Tijdens Nederland – België in 1959 is het Beeld van Prometheus duidelijk zichtbaar op de tribune. Foto Wim van Rossem via het Nationaal Archief
Op 22 juni 1947 was de onthulling tijdens de eerste Olympische Dag in vredestijd. ‘Voorafgegaan door vaandeldragers met kleurige doeken van turnverenigingen uit alle delen van het land kwam een lange rij turners en turnsters,’ aldus het Parool op 23 juni 1947, ‘die zich onder gespannen stilte op het veld opstelden en met een imposante massa-demonstratie het programma openden.’ NOC-voorzitter Charles Pahud de Mortanges hield een korte en sobere toespraak: ‘Laat dit teeken ons tevens een aansporing zijn tot het doen van onzen plicht.’
Olympische groet
Opmerkelijk genoeg brachten de turners de olympische groet toen prins Bernhard de rood-wit-blauwe vlag van het beeld verwijderde, waarbij de rechterarm werd gestrekt, de groet die zo doet denken aan die van de fascisten. Voor de zekerheid had Pahud de Mortanges persoonlijke instructies toegevoegd hoe dat precies moest: ‘Rechterarm zijwaarts omhoog en omlaag brengen.’
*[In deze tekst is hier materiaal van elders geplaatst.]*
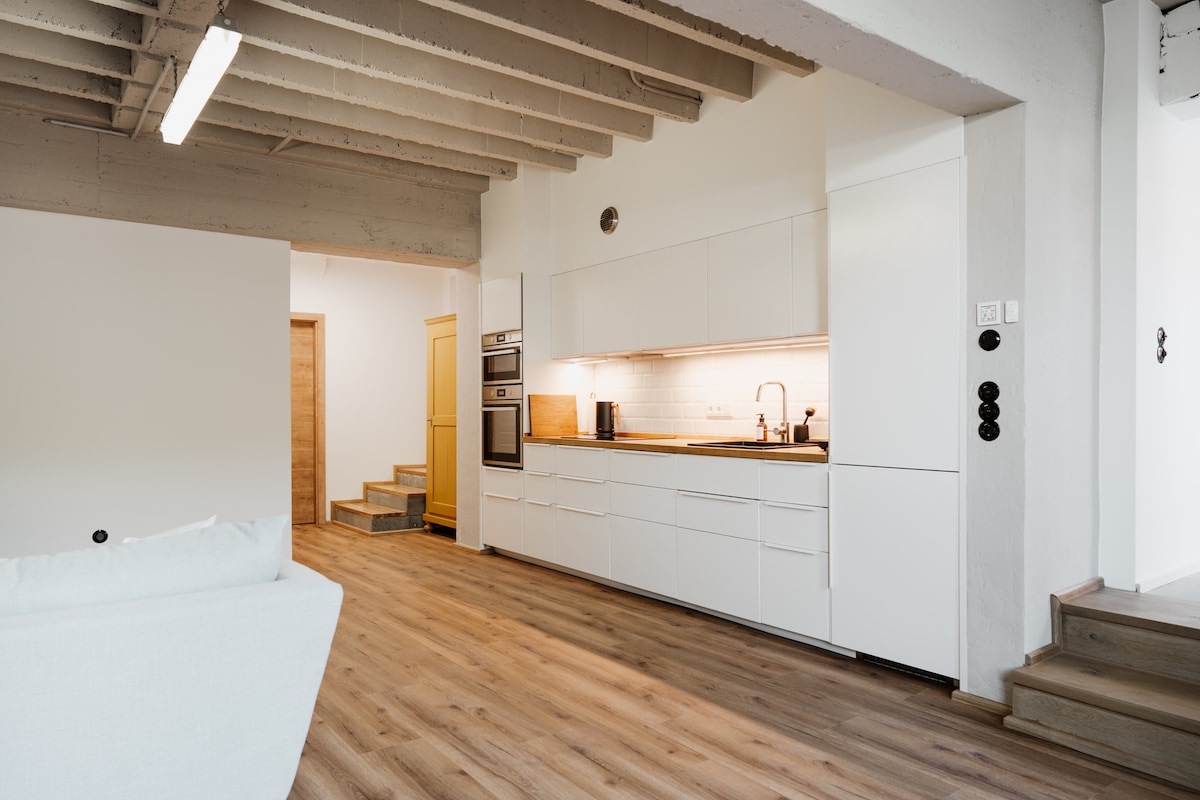 Det 500 år gamle huset ble totalrenovert i 2021. Nyt en avslappende kveld på sofaen under et nøye restaurert stukktak fra barokktiden, ta en titt på de historiske detaljene som finnes i hele leiligheten, og føl deg vel i den kjærlig innredede leiligheten. To soverom med dobbeltseng og eget bad, velutstyrt kjøkken og bare to minutters gange fra elvebredden med badebukt.
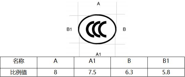 ① CCC标志椭圆形,长短轴直径比为8:6.3,具体数字如下:
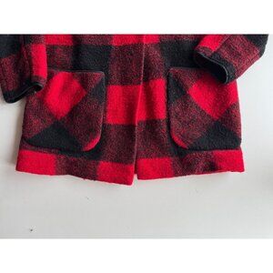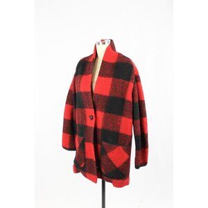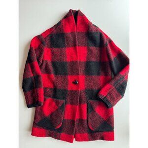 Aritzia WILFRED FREE Off Duty Red Black Check Wool Blend Cocoon Coat, Size S
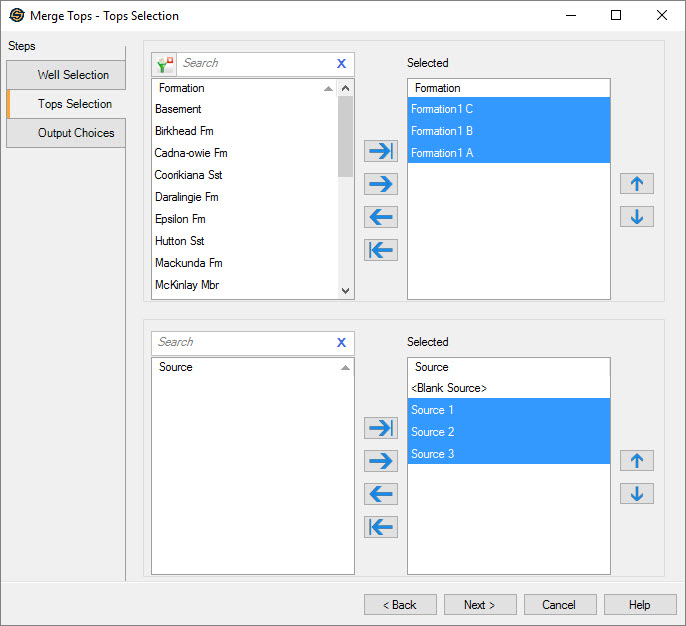 Select one or more tops to merge. The tops can be moved between the Available and Selected lists using the selection arrows, or by double clicking on a single source. Sources need to be selected in a specific order when they are being used define the merge behavior. To make tops selection easier type a search string into the search bar to limit the list based on Formation name.
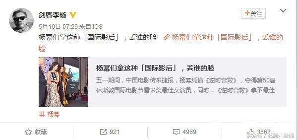 导演李杨在微博转发了一条“杨幂们拿这种‘国际影后’丢谁的脸”的文章,结果,被杨幂的粉丝们找上门来怼了!
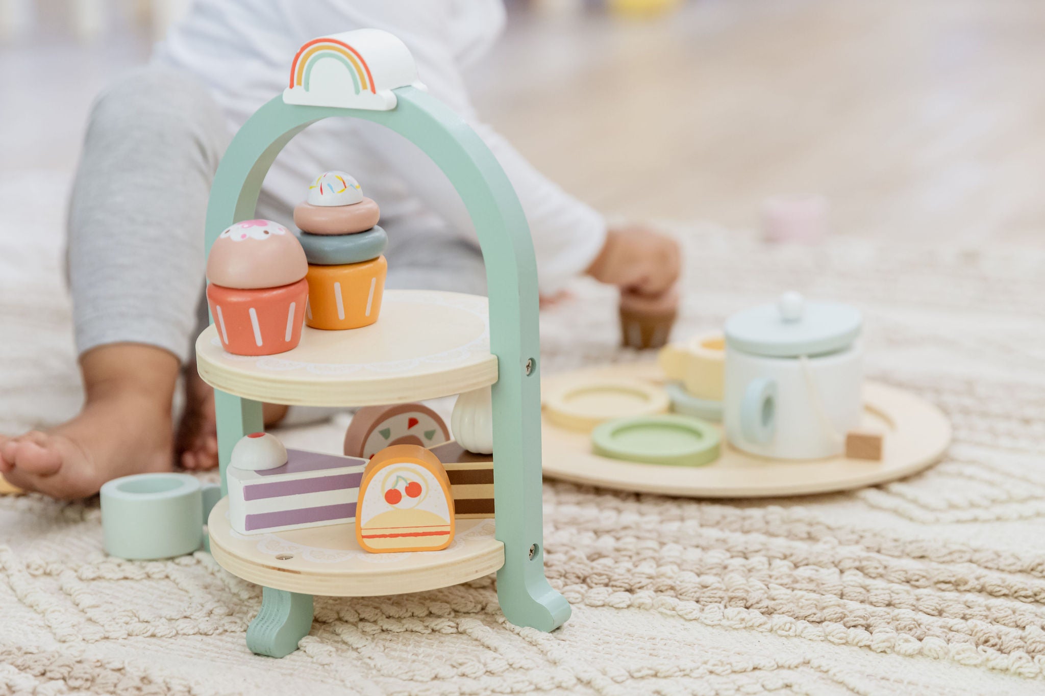 Host the perfect tea party with this elegant Royal Afternoon Cake Stand! With beautifully detailed cakes and floral designs, it’s ideal for pretend play high tea, birthdays, or inviting grandma and the teddy bears to a special afternoon celebration. This charming set encourages imaginative play, social interaction, and role play, all while adding a touch of sophistication to your child’s play kitchen or tea set.
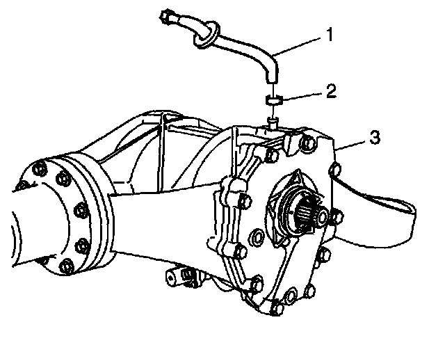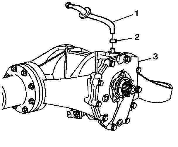 1. Install the vent hose (1) to the differential assembly.
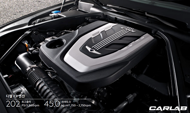G80 디젤에 탑재된 심장은 3,800rpm에서 최고출력 202마력(PS), 1,750~2,750rpm에서 최대토크 45.0kg.m을 내는 2.2리터 e-VGT 엔진으로 8단 자동변속기와 궁합을 맞춘다.
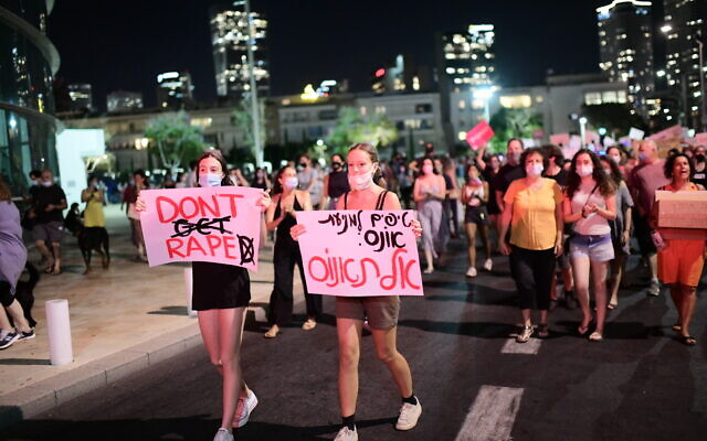 在特拉维夫,抗议者封锁了广场周围的道路,并高呼:“不,并不意味着没有,难道你们还不明白哪一部分吗?“”这是政策造成的错误。”“够了,谴责强奸犯吧!”
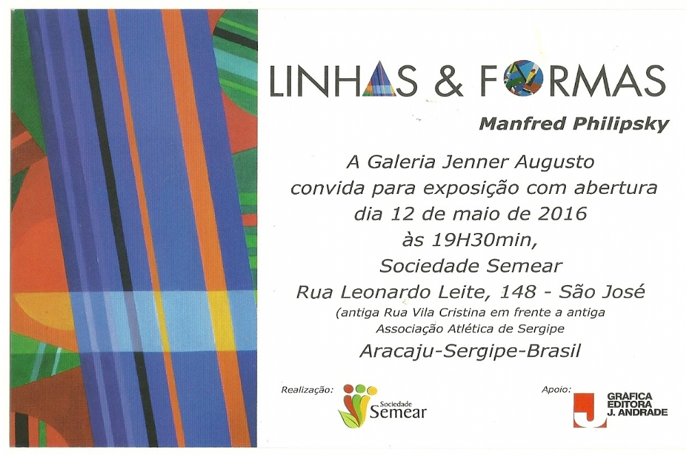 No próximo dia 12 de maio, às 19h30, será aberta na Galeria Jenner Augusto a exposição “Linhas & Formas”, do artista Alemão Manfred Philipsky, apresentando quadros com uma composição de cores e formas geométricas, dando margem a liberdade da interpretação do observador. As musicas, as viagens e a natureza são inspiradores para a composição das obras, que misturam a geometria e a abstração informal. A exposição fica em cartaz até o dia 03 de junho.
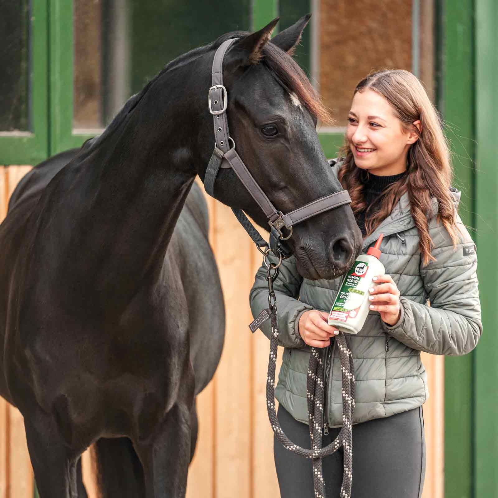 Leovet vous propose des produits de soins pour chevaux de première classe développés et fabriqués en Allemagne. Avec des ingrédients de haute qualité et des formules innovantes, vous gagnez du temps sur les soins et pouvez profiter de plus de moments avec votre cheval. Une gamme étendue, des soins des sabots aux soins du cuir, couvre tous les besoins. Des contrôles de qualité constants et des recherches scientifiques garantissent les normes les plus élevées. Faites confiance à l'application facile et à la longue durée de conservation des produits pour offrir à votre cheval le meilleur.
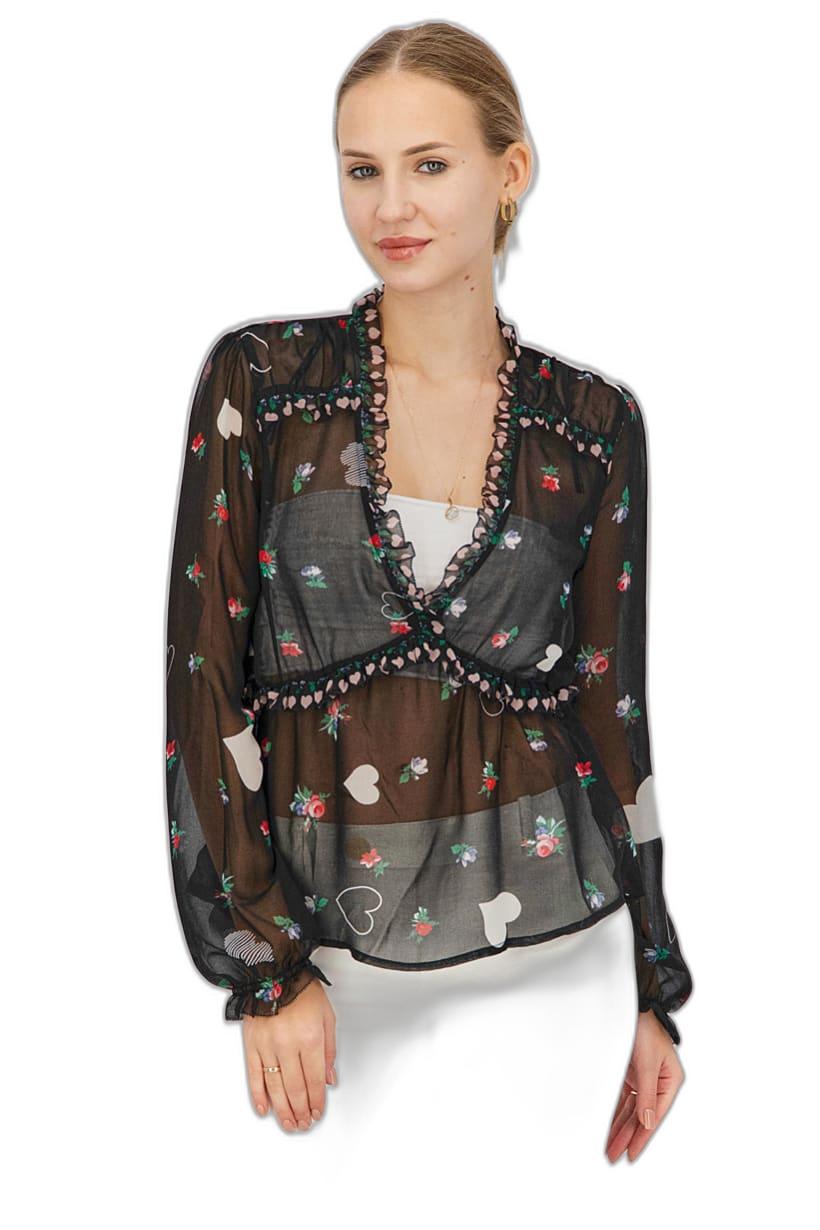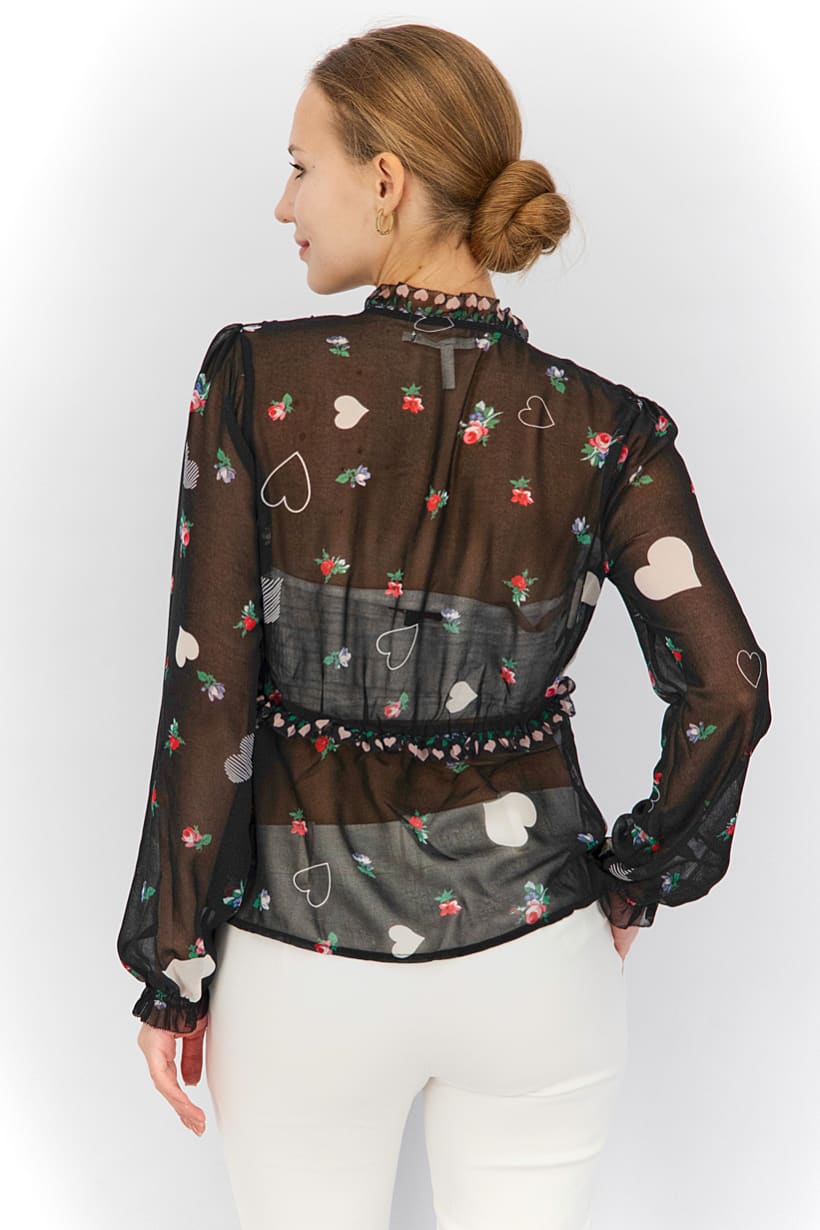 | nameOriginal | Women V-neck Long Sleeve Allover Print Mesh Top, Black |
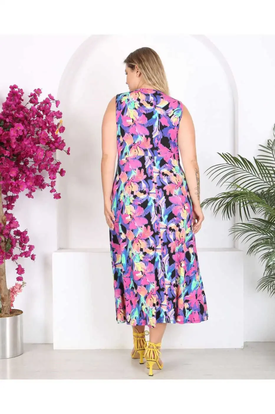 Designed for women who seek both style and comfort, this maxi dress is the perfect choice to complete your look. With its watercolor print, it has a vibrant and eye-catching appearance, while its sleeveless design and V-neck add a touch of elegance to your style. The dress, with its plus size options, fits every body type and is a piece that you can comfortably wear anywhere, from everyday life to special occasions.
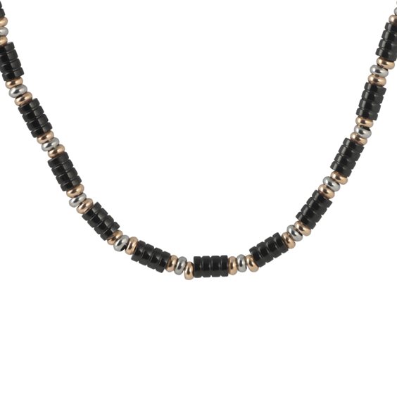 Collana in acciaio nero a barilotti con intermezzi in acciaio e acciaio rosa.
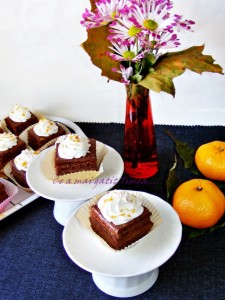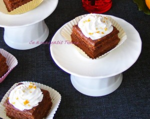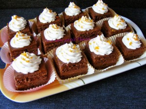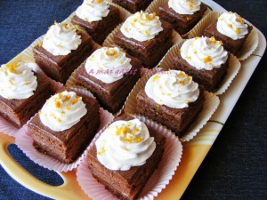 Mixam frisca pana obtinem consistenta dorita apoi cu un pos formam cate un mot de frisca pe fiecare bucata de prajitura peste care presaram coaja de portocala.
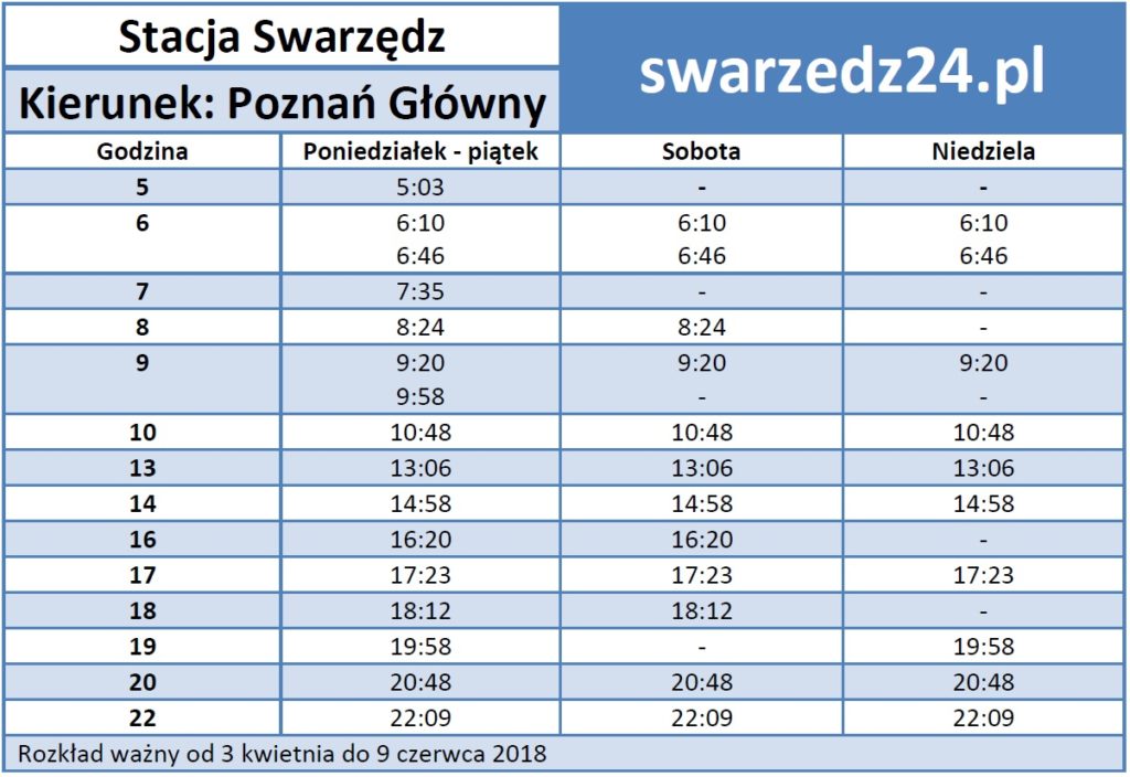 Rozkład jazdy ze stacji Swarzędz w kierunku stacji Poznań Główny (ważny od 3 kwietnia do 9 czerwca 2018)Rozkład w większej rozdzielczości do wydruku można pobrać klikając na poniższy obraz.
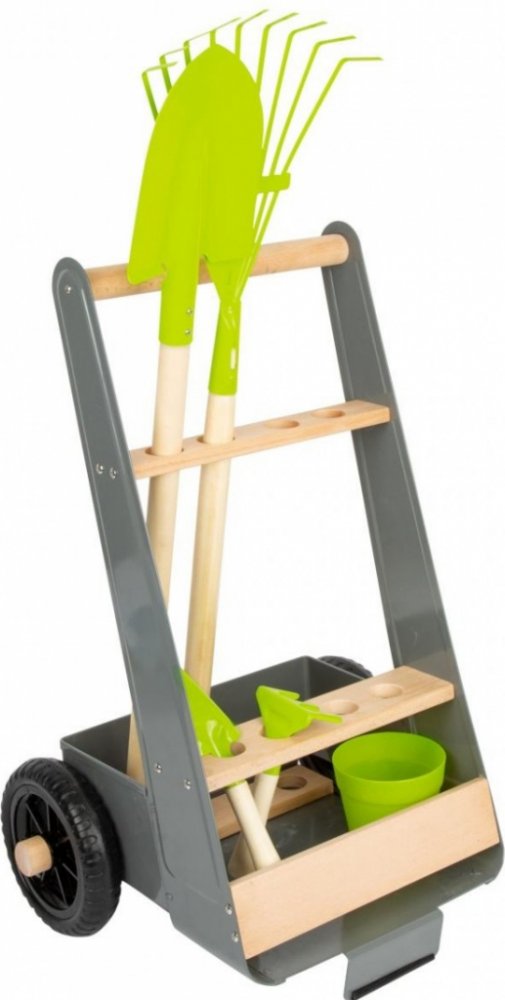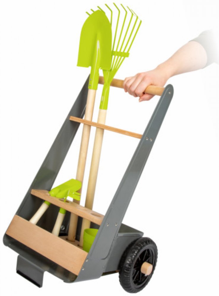 Small Foot Zahradní vozík s 5 ks nářadí Mladí nadšení zahradníci a zahradnice teď mohou začít pracovat na svém vysněném záhonku. Stabilní vozík vyrobený z bukového dřeva a kovu lze jednoduše tlačit či tahat po zahradě, má k tomu totiž stavěná kola. Dobře promyšlený design myslel na úložný prostor, vzhled i bezpečnost. Hrábě, rýč i lopata mohou být uloženy tak, aby směřovaly pryč od hlavy dítěte. H...

Niemand klaagde daarover, zelfs het communistische dagblad De Waarheid niet. Het Parool – ook een verzetskrant – schreef nuchter: ‘En terwijl de turners en turnsters de Olympische groet brachten, hoorden de toeschouwers staande en zwijgend aan hoe de gedragen tonen van het Wilhelmus de ruimte vulden als een ontroerende erkenning van de moed die vele sportvrienden door Duitse kogels deed vallen.’
De invloedrijke sportjournalist J. Hoven was zeer onder de indruk van het monument, schreef hij aan de NOC-voorzitter: ‘Het beeld wordt algemeen zeer bewonderd, het doet het ook bij avondlicht tegen de donkere lucht geweldig goed.’
Tijdens de renovatie van het Olympisch Stadion eind vorige eeuw werd het beeld van de tribunes verwijderd en leek het te verdwijnen in een opslag. Mede door een actie van buurtbewoner Martin Dijkstra is dit voorkomen en werd het herplaatst op het plein vóór het stadion. Sinds 2005 wordt daar de jaarlijkse Nationale Sportherdenking gehouden, waardoor het werk van Carasso de huidige invulling heeft gekregen van het nationale oorlogsmonument van de Nederlandse sport.